You’re a cashier. I’m the customer. My purchase comes to $7.35. I hand you a $10 bill and you ring it up. The cash drawer pops open, and without doing any advance calculations (or looking at the screen, if there is one), do you immediately set the $10 bill on the shelf above the drawer, take out, and hand me (counting into my hand - optional):
[ul]
[li]a nickel,[/li][li]a dime, [/li][li]two quarters,[/li][li]and two $1 bills?[/li][/ul]
(Or 3 nickels, a 50-cent piece, etc., you get the idea, right?)
If you did learn to make change this way, who taught you and when, i.e. at what age and in approximately what year?
I learned in elementary school, probably 3rd grade, 1957.
I’ve never been a cashier. Is there something unique or wrong about making change this way? Do people need to be taught to make change a certain way? The only thing that stands out to me is leaving the $10 bill out but I assume this is so the customer can’t claim that they gave you a $20.
I think this type of thread comes up every few years.
To answer your question, yes, that pretty much exactly how I’d do it.
QuikTrip cashier, Stillwater, OK, 1980-1981.
I was taught the count-up method; so for a $7.35 purchase from a $10 bill:
Start at $7.35, count to .45 (grabbing a dime), .50 (grabbing a nickle), and .50 more makes $8.00 (grabbing two quarters).
Then finish up with the dollars, $8.00, to $9 (grab a single $1), to $10 (grab another single).
Only slightly different is if someone hands you bills and change.
i.e. $10 and two quarters. You count the same way but keep the change count independent from the bill count.
.35, to .45 (grab a dime), to .50 (grab a nickle), then the singles $7 to $8 (grab single dollar), $8 to $9 (grab single dollar), $9 to $10 (grab single dollar),
Yep.

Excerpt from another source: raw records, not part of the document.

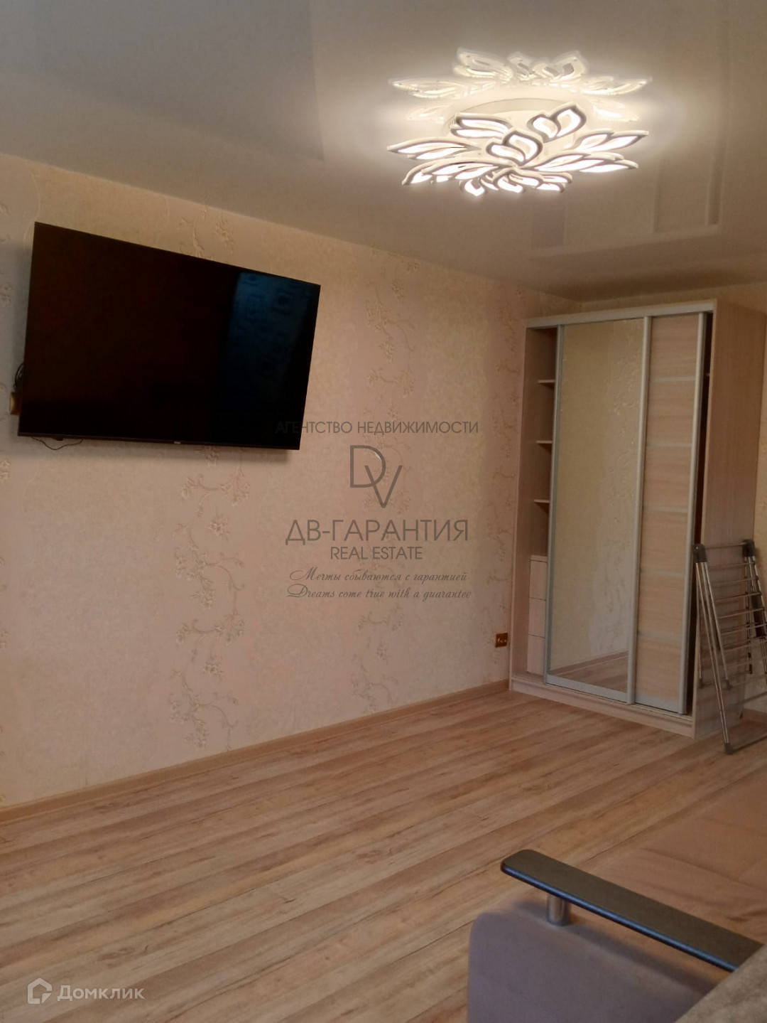 большой телевизор, вместительный шкаф;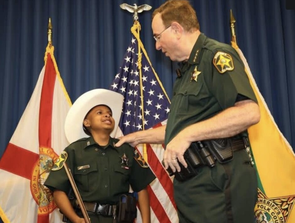 DJ Daniel (trái) tuyên thệ nhậm chức sĩ quan cảnh sát danh dự tại hạt Polk, bang Florida cuối tuần trước. Ảnh: Facebook/Văn phòng cảnh sát hạt Polk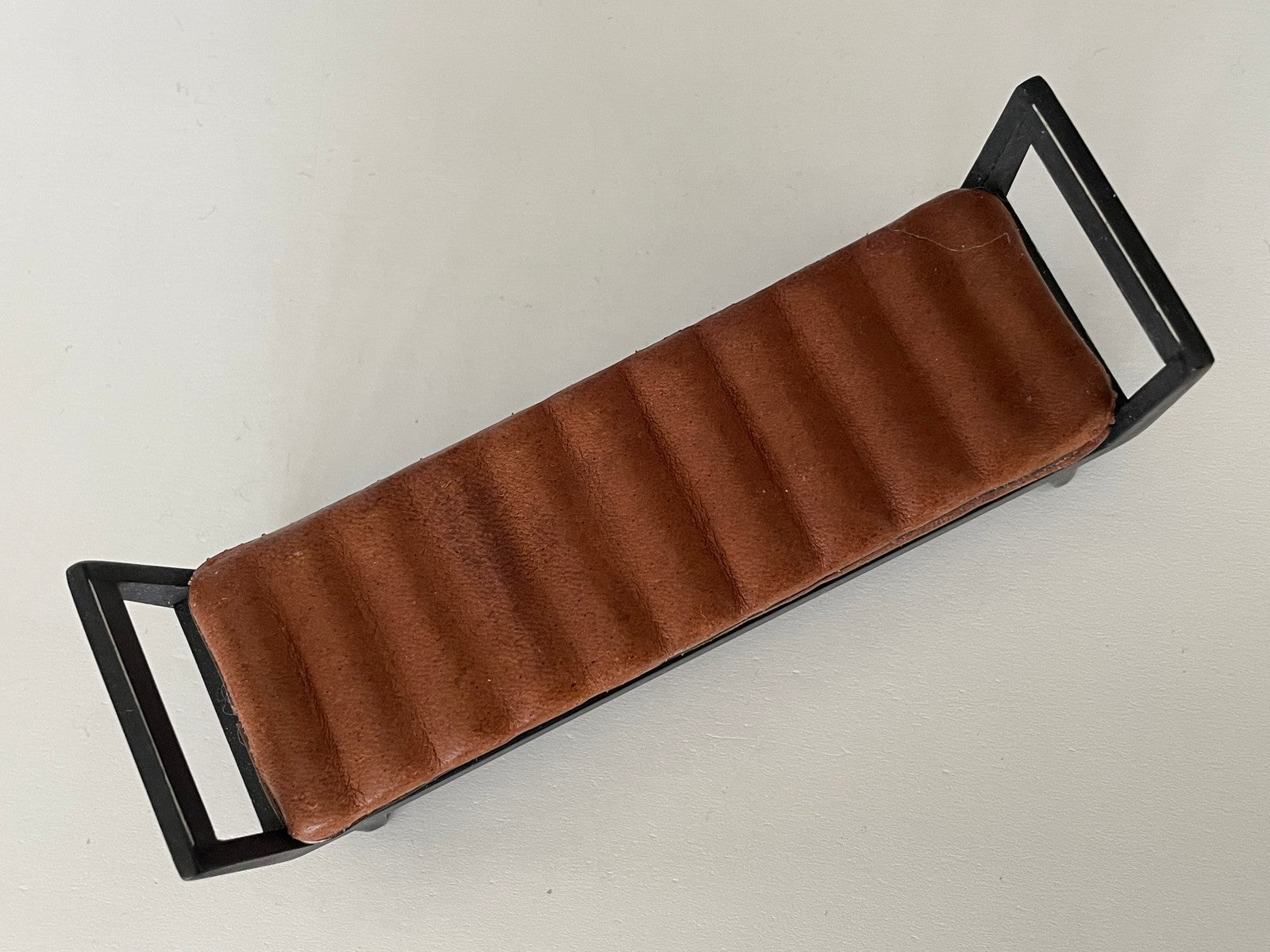 Our Noah Bench is a versatile piece that can fit into any décor from classic/traditional to modern/contemporary to mid-century/farmhouse. Ribbed cushion is finished in a tan leather with brown piping detail and a black frame.

I expect it was in elementary school that I learned to count that way. It wasn’t until my first retail job -at maybe 14- that I was told/taught to put the bill on the shelf.
I’ve always been good with mental subtraction, so I did the math in my head and gave back the change. For instance, if a customer gave me $10 for a $7.53 purchase, I would quickly do the math in my head, determine (and say) I owed $2.47 in change and count out that amount. Counting up actually slowed the process for me.
I’m curious. What in my post seemed to imply there was anything wrong with making change this way? <scratches head>
I think people in jobs that require them to accept cash and give change should know how to make change.
But in general, no. I don’t think people need to know how to make change at all. Like learning to tie your shoes in a Velcro world. Or learning to drive a standard transmission.
Oh yes. Don’t put the big bill in the drawer until you’ve given change to the customer.
Yep, exactly like that in 1972, when I was ~ 16. I worked in a book store, mostly doing deliveries and such, but sometimes I had to man the cash register.
The other thing I learned was to give Mr. X the brown paper bag, hidden under the counter, when he came in and paid cash. The bag contained a magazine or magazines with very thick, glossy pages. We had Playboy and Hustler on the top shelf of the magazine rack (with covers on them, of course), but the special delivery for Mr. X was… special. And I never, ever ever peeked at the contents.
Yup, that’s how I’ve done it in all my cashiering days. I might have been taught it when I was in 2nrd or 3rd grade or whatever, but I was definitely re-taught when I actually was a cashier.
Unless of course you do that BS where the total is 7.35 and you give me 9.62. You can go straight to hell on that one. I’m not smart enough to do that kind of quick mental math.
I volunteer at a concession stand. Our registers are antiquated at best so we count up to make change. Because there is no display people argue with us incessantly. As the customer is always right we never argue back, we bow to their insistance. I mean if this was a business with bottom line count down at the end of the day we would be in big trouble. I learned to do math really fast in my head in 6th grade, so they want me on the counter most times I work, because I am fast. Hey it’s a real life skill I am proud of!
I"m 41. I was taught how to make change this way by old people who thought the New Math and the New New Math were dumb and wanted to show me how much easier their way was. I agreed. Ironically, the Newest New Math, Common Core, is, at its root, much more “counting up” in it’s approach to everything, and my generation lost it’s goddamn mind over the horror of it.
This defeats the purpose. It’s not about speed. It’s about efficiency. And part of that is making it clear that it’s the right amount of change without the customer having to recheck your mental subtraction, which may not be as accurate as you think.
AARGH! There is no such thing as “Common Core” math. Common Core is a set of standards about what skills should normally be learned by what age. It neither introduces any new methods of teaching nor dictates any particular methods, other than specifying that students should learn multiple methods of solving certain types of problems.
But those standards stress things like understanding place value and knowing multiple ways to regroup–exactly the sort of thinking “counting up” involves, instead of rigidly sticking to the “borrowing” method.